§ SUPPLIED MATERIAL
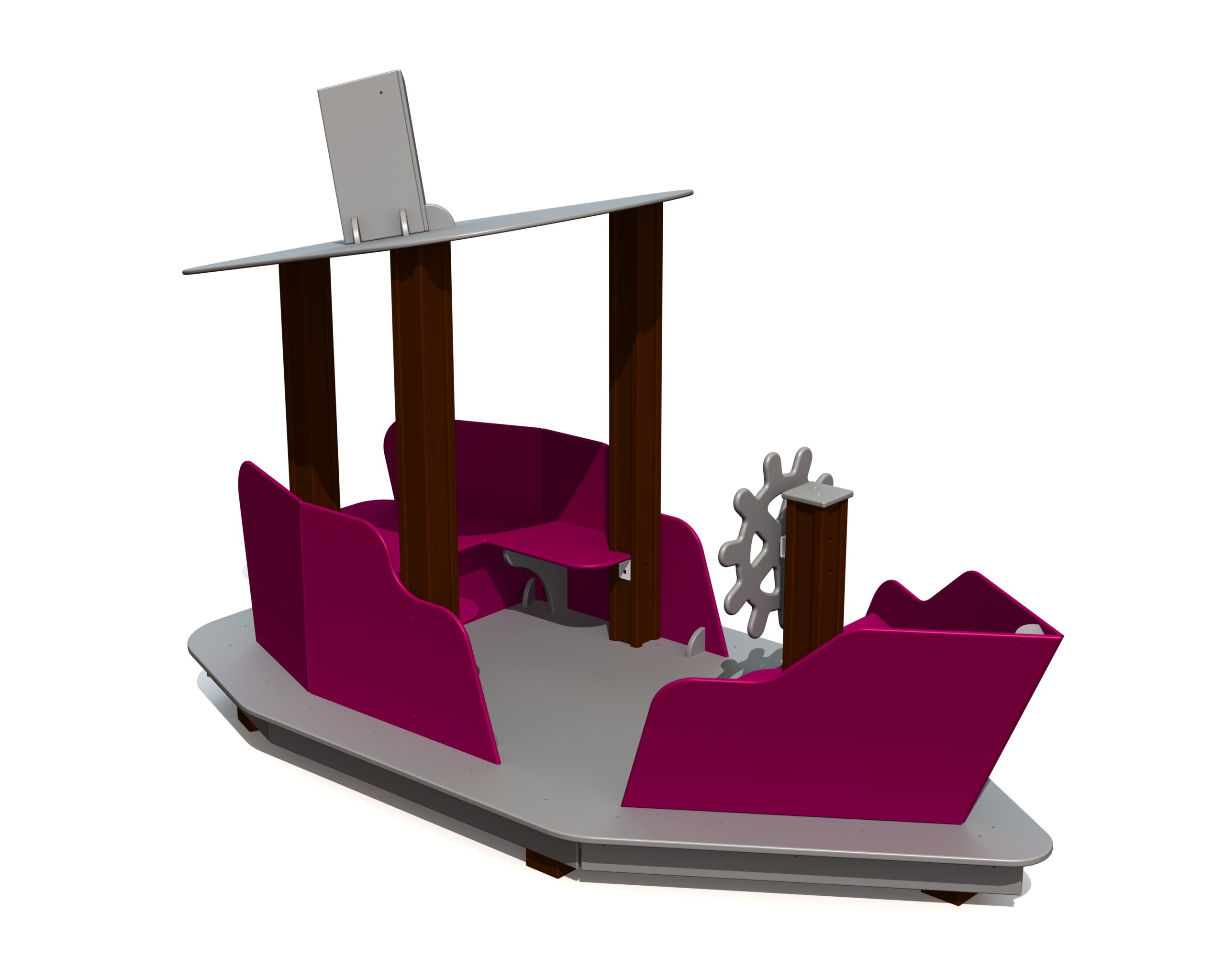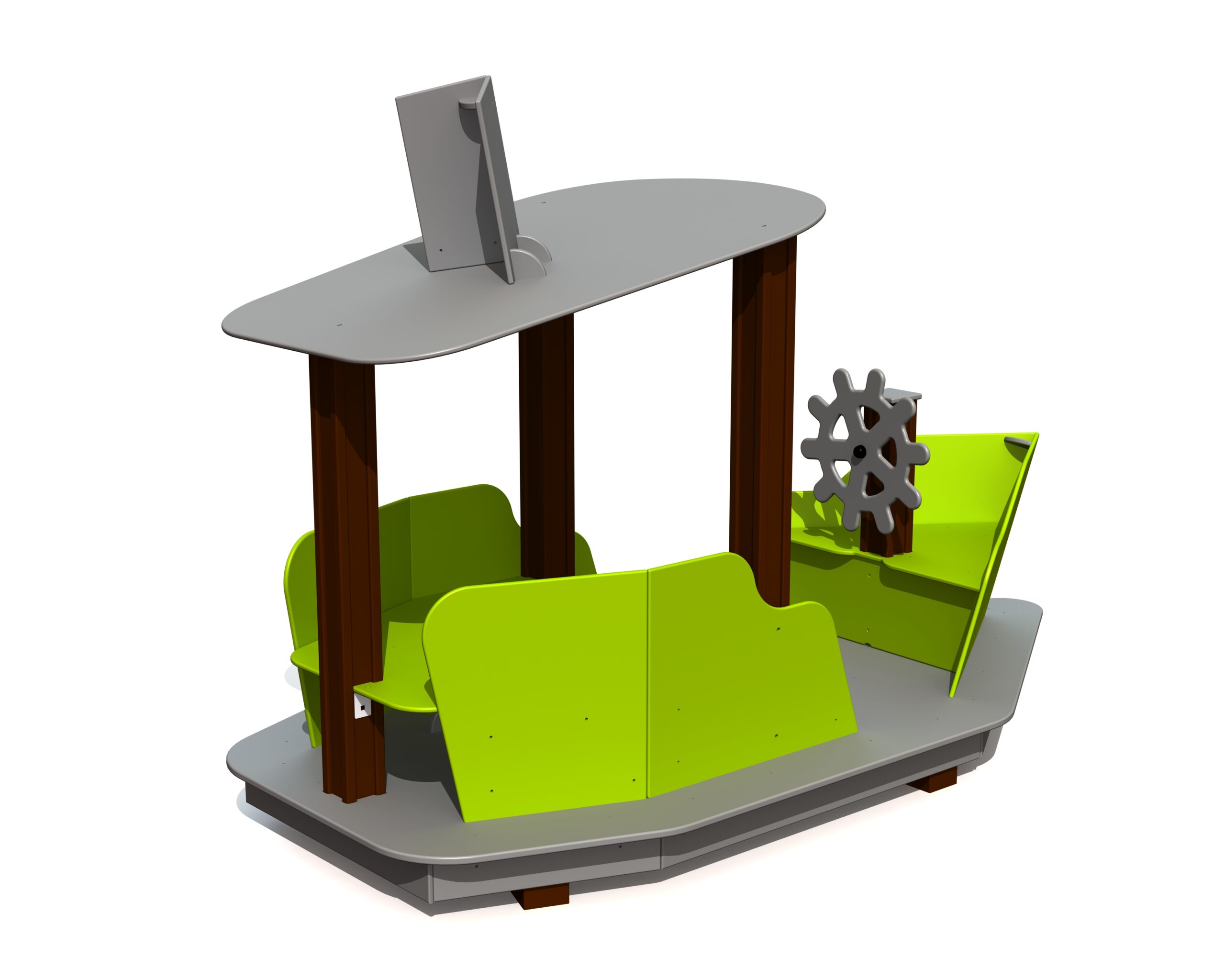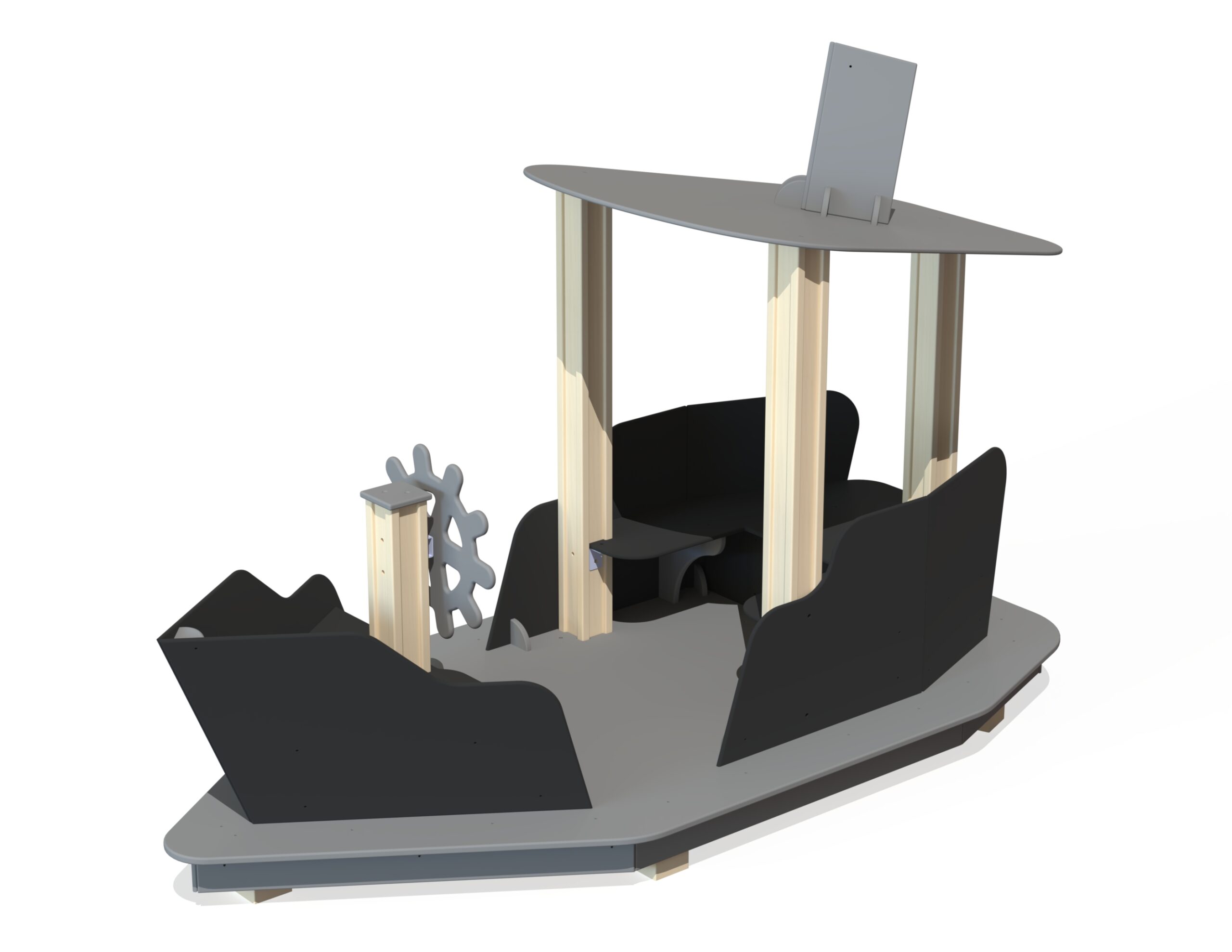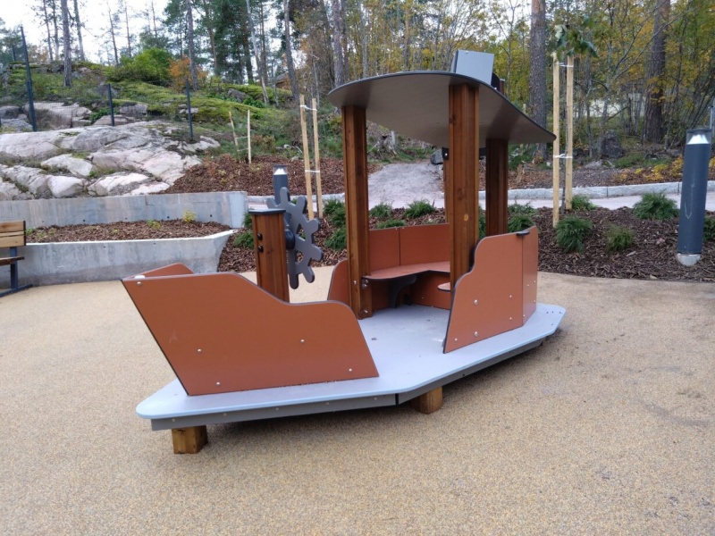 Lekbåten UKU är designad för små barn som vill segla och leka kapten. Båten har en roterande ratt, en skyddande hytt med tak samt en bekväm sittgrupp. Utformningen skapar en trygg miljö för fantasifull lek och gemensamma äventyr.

--

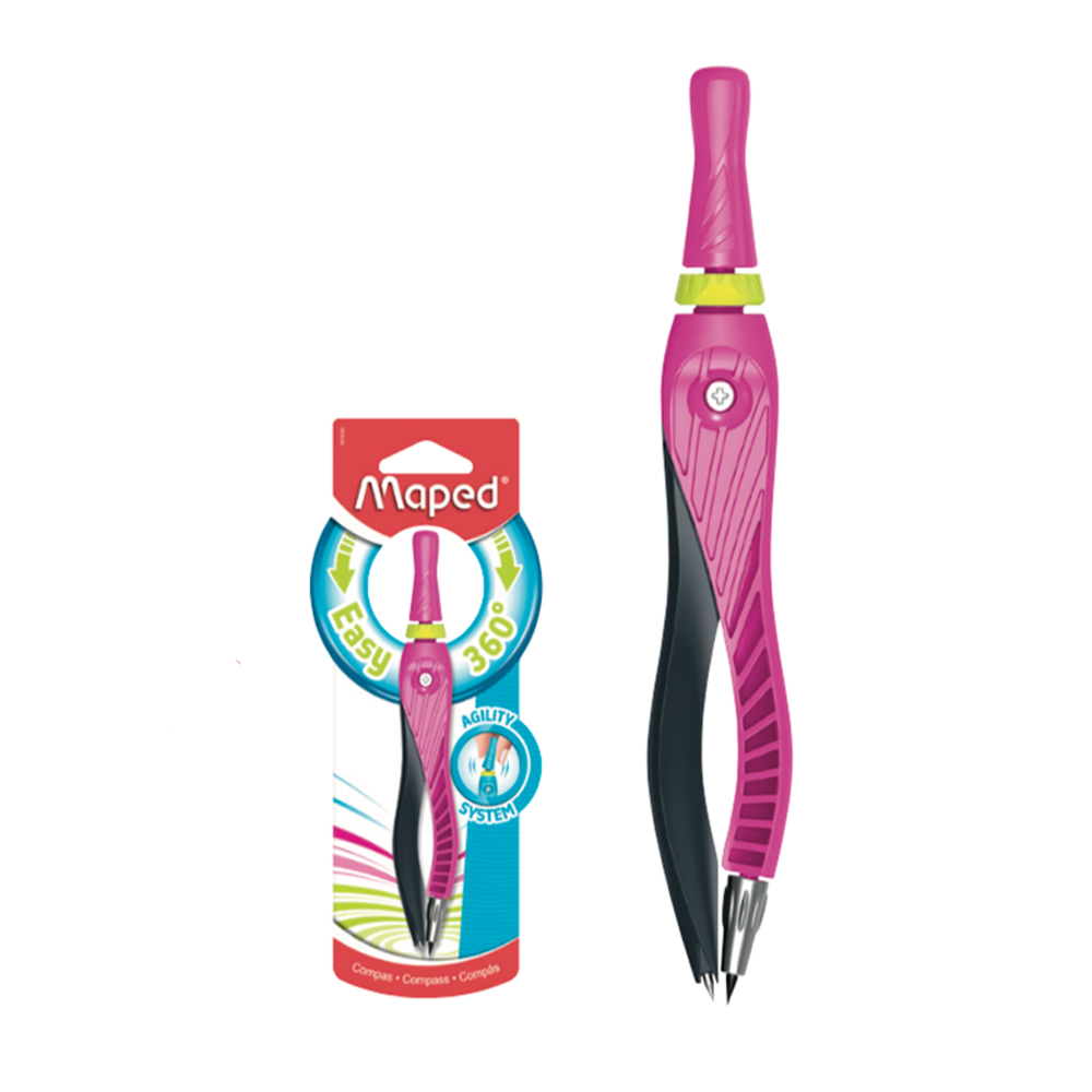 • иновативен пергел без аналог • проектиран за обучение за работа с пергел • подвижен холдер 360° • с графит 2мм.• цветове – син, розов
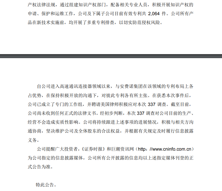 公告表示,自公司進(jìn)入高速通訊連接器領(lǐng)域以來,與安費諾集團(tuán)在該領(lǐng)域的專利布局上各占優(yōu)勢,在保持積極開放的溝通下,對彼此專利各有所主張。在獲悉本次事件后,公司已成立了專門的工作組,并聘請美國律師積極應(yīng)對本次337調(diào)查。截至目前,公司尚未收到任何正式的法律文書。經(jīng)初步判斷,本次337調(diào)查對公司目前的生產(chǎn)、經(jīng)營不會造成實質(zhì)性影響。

§ WHAT THE EXERCISE ASKS
Your copy should hold only the lines above from the one containing "цветове – син, розов" through the one containing "公告表示,自公司進(jìn)", exactly as written and free of pictures.

§ THE ANSWER
 • иновативен пергел без аналог • проектиран за обучение за работа с пергел • подвижен холдер 360° • с графит 2мм.• цветове – син, розов
 公告表示,自公司進(jìn)入高速通訊連接器領(lǐng)域以來,與安費諾集團(tuán)在該領(lǐng)域的專利布局上各占優(yōu)勢,在保持積極開放的溝通下,對彼此專利各有所主張。在獲悉本次事件后,公司已成立了專門的工作組,并聘請美國律師積極應(yīng)對本次337調(diào)查。截至目前,公司尚未收到任何正式的法律文書。經(jīng)初步判斷,本次337調(diào)查對公司目前的生產(chǎn)、經(jīng)營不會造成實質(zhì)性影響。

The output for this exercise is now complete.